*** Opening of TASK INPUT ***

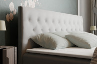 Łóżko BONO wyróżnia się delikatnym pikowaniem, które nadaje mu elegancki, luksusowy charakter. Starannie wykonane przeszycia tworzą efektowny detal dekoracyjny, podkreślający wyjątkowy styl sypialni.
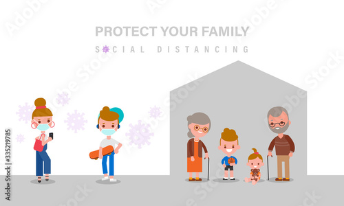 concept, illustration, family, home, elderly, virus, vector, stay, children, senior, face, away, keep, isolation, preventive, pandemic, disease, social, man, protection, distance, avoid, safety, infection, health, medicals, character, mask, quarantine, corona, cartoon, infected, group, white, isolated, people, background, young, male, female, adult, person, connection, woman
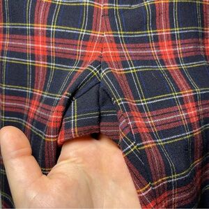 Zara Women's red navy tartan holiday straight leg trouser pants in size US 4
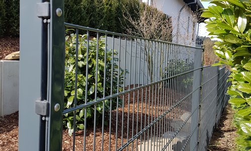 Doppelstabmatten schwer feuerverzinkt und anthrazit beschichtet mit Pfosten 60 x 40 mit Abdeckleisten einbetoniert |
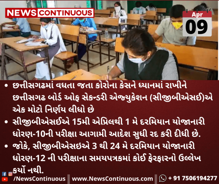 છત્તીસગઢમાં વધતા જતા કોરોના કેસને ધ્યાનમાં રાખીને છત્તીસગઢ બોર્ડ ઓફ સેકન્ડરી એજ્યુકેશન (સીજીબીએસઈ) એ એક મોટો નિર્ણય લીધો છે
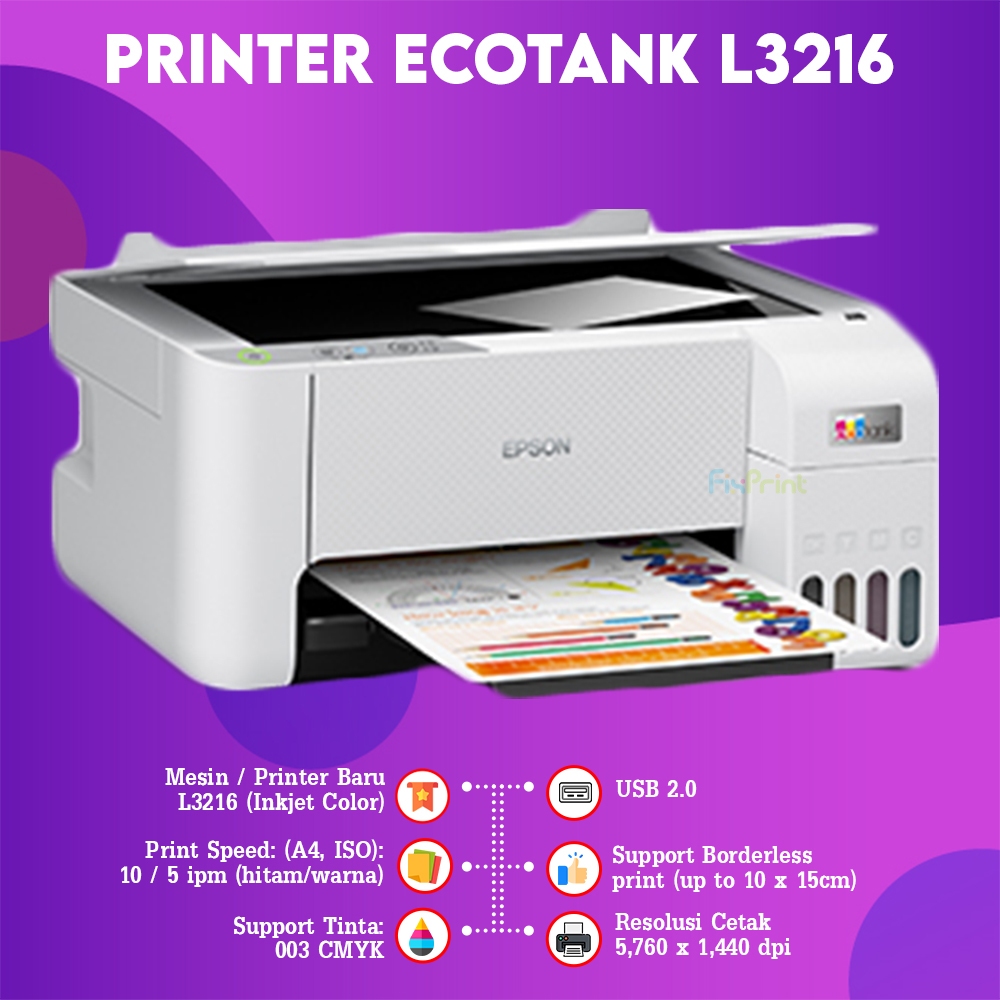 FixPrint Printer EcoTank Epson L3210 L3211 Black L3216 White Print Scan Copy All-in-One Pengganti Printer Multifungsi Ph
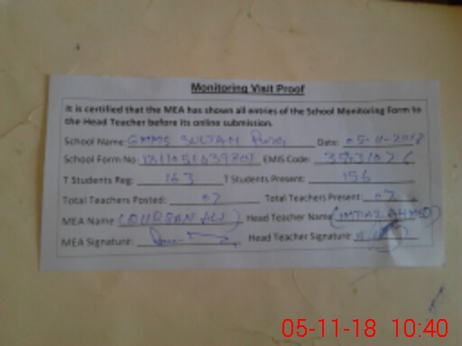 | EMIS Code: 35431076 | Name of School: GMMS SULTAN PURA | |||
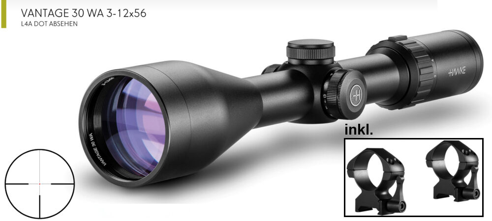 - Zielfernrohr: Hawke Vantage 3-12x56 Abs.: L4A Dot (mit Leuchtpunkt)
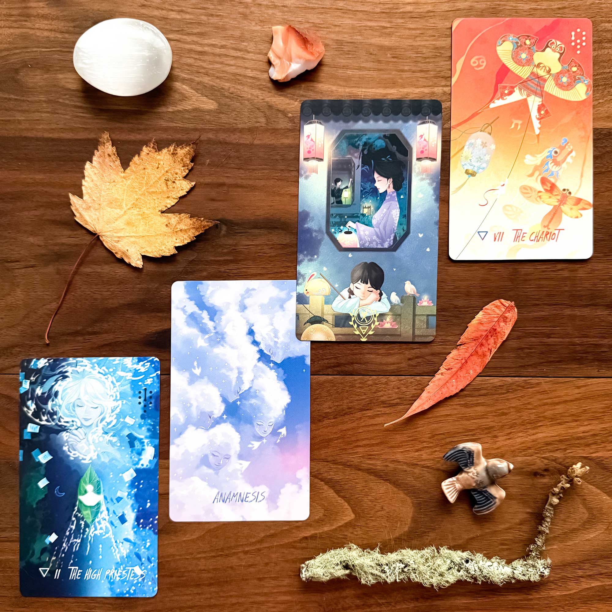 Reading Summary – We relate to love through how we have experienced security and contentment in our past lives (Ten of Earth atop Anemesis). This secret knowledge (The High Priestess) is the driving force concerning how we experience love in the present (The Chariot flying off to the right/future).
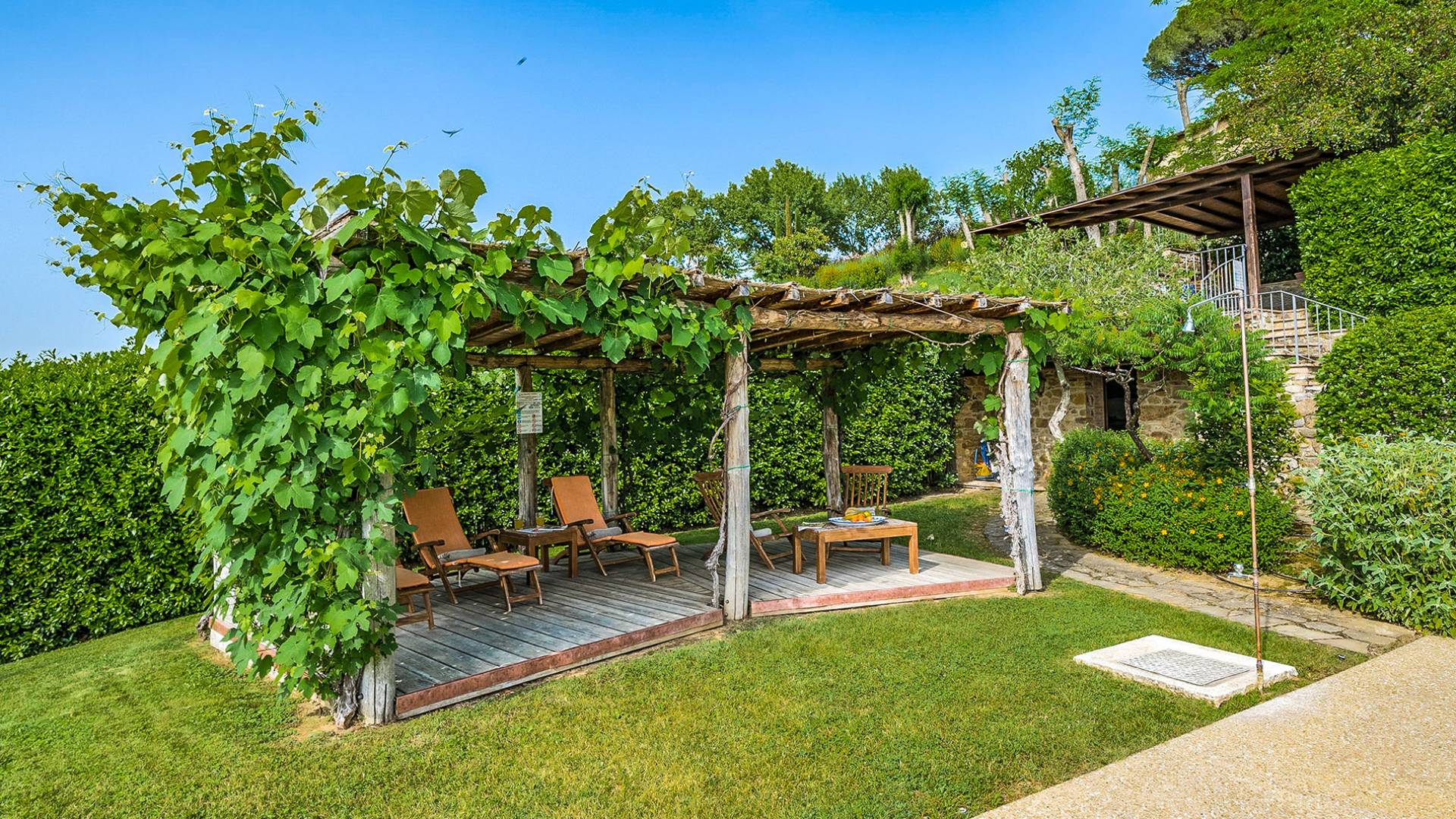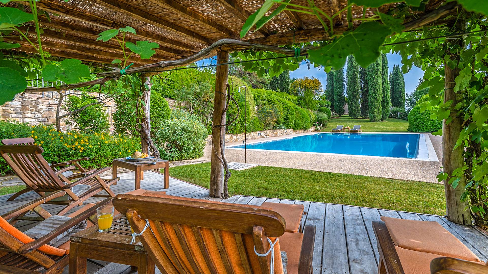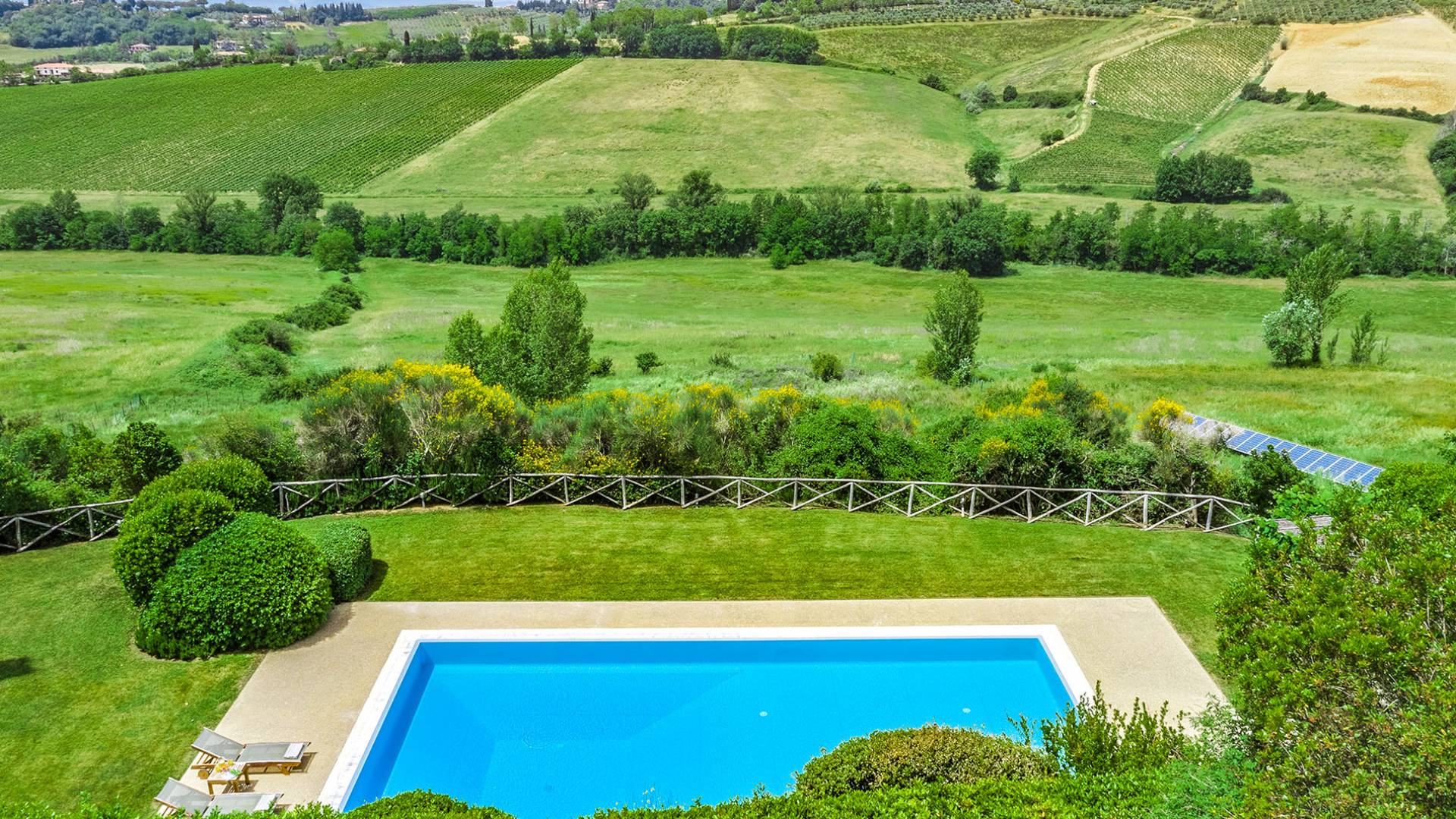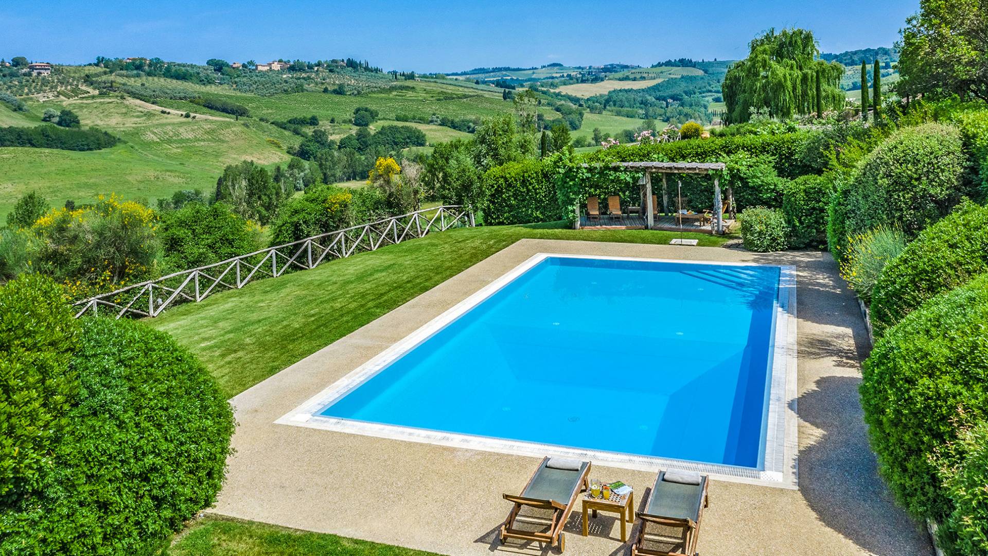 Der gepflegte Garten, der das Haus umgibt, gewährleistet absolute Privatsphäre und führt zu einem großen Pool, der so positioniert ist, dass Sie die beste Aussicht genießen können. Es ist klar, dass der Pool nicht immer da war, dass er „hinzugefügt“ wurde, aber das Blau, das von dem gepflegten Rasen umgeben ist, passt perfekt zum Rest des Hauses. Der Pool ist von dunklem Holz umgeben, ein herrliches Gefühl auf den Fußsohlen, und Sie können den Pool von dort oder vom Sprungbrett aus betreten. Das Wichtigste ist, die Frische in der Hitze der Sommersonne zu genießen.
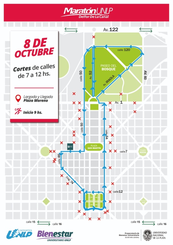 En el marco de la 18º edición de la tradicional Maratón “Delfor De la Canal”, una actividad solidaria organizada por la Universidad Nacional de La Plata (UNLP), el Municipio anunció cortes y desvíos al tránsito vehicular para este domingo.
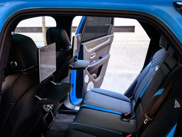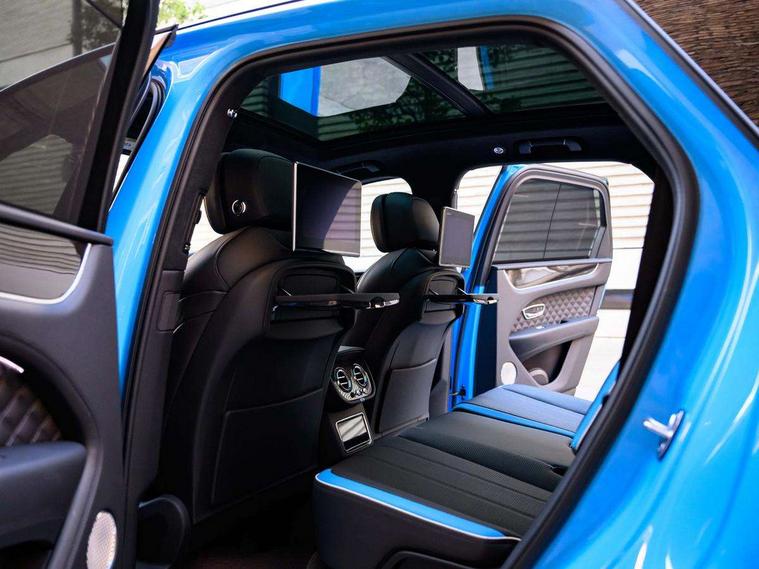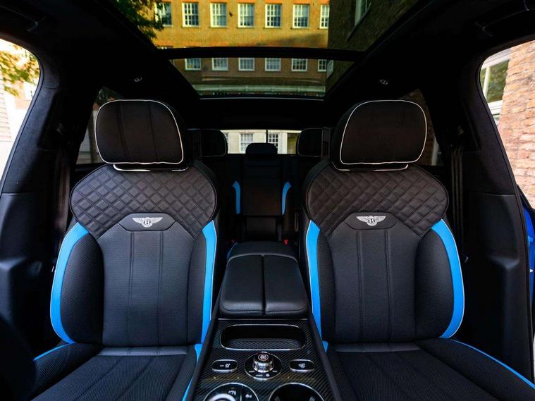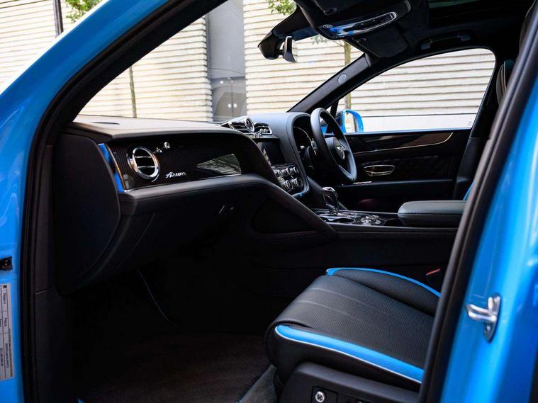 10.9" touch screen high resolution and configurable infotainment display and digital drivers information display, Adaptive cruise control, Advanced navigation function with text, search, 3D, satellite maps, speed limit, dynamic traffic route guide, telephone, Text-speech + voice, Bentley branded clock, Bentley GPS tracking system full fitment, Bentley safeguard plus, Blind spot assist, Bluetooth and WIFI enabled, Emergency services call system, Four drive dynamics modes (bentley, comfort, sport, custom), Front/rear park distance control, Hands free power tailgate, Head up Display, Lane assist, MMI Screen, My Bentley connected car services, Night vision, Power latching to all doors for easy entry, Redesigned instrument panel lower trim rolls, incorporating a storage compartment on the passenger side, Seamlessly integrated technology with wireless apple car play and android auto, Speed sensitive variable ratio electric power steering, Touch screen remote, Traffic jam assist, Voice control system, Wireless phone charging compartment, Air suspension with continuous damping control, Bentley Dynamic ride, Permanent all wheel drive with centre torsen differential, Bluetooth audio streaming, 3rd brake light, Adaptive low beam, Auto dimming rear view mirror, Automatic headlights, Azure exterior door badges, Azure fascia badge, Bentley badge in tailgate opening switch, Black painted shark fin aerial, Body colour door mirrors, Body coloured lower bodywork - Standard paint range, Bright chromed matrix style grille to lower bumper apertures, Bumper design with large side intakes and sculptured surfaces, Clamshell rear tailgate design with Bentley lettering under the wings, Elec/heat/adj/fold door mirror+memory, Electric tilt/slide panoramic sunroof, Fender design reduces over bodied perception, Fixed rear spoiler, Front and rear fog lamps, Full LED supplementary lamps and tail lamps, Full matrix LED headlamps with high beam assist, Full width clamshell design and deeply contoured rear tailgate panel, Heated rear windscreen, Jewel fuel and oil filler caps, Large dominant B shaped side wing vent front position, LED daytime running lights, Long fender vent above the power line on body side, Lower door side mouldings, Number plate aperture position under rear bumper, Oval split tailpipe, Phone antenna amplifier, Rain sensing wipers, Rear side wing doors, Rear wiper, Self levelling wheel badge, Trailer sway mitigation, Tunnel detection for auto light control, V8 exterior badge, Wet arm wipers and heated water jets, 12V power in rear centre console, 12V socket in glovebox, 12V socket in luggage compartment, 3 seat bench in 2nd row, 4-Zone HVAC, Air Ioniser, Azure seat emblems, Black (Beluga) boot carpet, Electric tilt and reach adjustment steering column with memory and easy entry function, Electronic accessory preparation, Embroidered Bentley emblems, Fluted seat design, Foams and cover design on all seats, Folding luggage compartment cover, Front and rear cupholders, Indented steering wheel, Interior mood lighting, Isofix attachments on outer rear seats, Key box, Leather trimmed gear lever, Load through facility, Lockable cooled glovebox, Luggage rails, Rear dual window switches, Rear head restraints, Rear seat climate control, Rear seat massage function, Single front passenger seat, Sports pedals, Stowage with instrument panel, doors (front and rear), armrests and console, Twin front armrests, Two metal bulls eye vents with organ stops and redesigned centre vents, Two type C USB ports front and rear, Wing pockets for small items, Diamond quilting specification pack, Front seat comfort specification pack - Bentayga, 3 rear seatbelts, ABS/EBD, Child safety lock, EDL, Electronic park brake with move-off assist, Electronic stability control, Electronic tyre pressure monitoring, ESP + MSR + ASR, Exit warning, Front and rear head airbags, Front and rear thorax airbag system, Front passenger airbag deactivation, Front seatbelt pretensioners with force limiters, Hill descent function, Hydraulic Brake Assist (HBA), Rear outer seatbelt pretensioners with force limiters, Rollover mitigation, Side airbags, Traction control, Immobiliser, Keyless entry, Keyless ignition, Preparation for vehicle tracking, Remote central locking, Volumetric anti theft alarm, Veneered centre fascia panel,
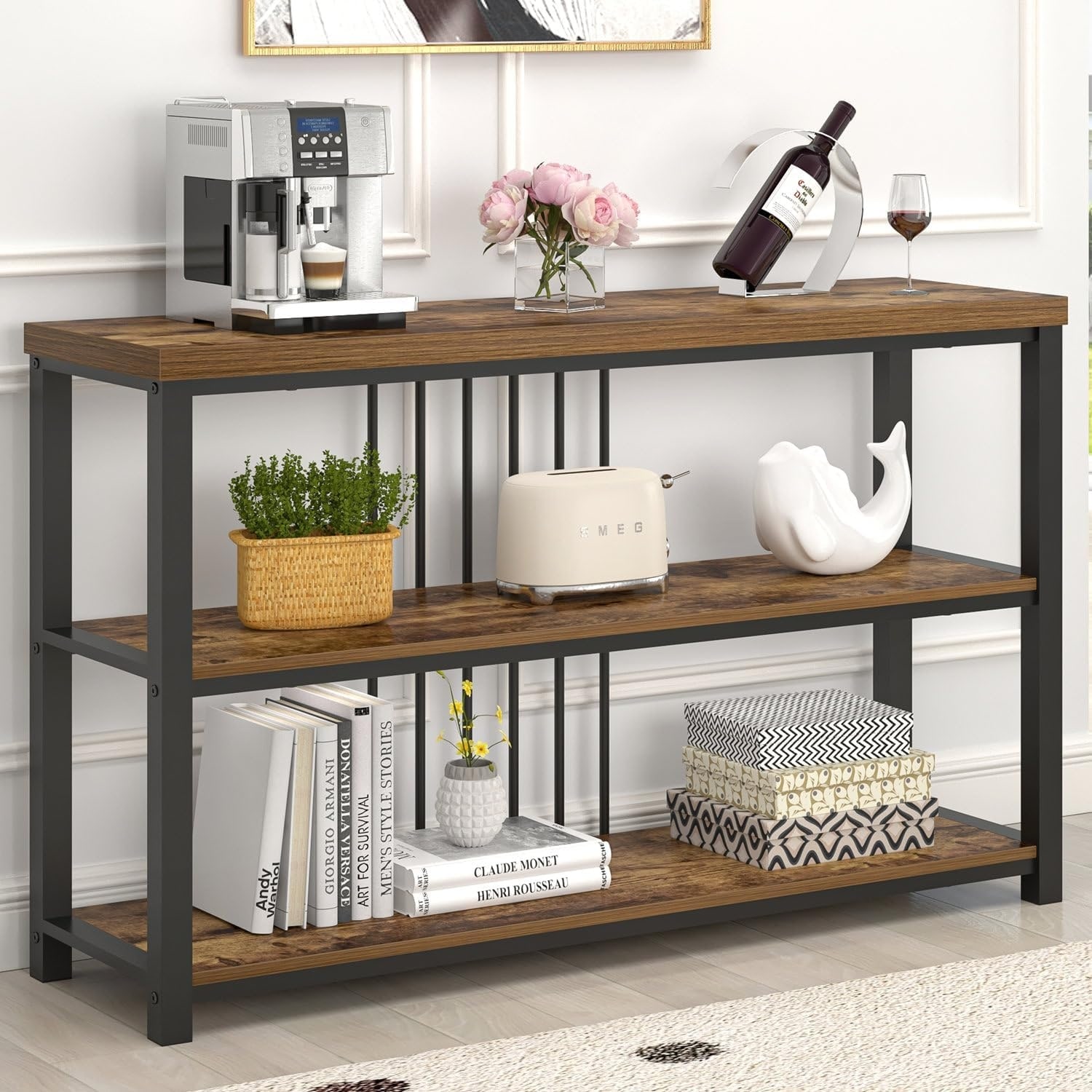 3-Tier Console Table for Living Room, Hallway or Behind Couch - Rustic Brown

*** Close of TASK INPUT ***

* [WHAT YOU NEED TO DO]
Using the data above, print only the lines starting at the one with "Zara Women's red" and ending at the one with "Reading Summary –", exactly as they stand, minus the pictures.

* [ANSWER AREA]
 Zara Women's red navy tartan holiday straight leg trouser pants in size US 4
 Doppelstabmatten schwer feuerverzinkt und anthrazit beschichtet mit Pfosten 60 x 40 mit Abdeckleisten einbetoniert |
 છત્તીસગઢમાં વધતા જતા કોરોના કેસને ધ્યાનમાં રાખીને છત્તીસગઢ બોર્ડ ઓફ સેકન્ડરી એજ્યુકેશન (સીજીબીએસઈ) એ એક મોટો નિર્ણય લીધો છે
 FixPrint Printer EcoTank Epson L3210 L3211 Black L3216 White Print Scan Copy All-in-One Pengganti Printer Multifungsi Ph
 | EMIS Code: 35431076 | Name of School: GMMS SULTAN PURA | |||
 - Zielfernrohr: Hawke Vantage 3-12x56 Abs.: L4A Dot (mit Leuchtpunkt)
 Reading Summary – We relate to love through how we have experienced security and contentment in our past lives (Ten of Earth atop Anemesis). This secret knowledge (The High Priestess) is the driving force concerning how we experience love in the present (The Chariot flying off to the right/future).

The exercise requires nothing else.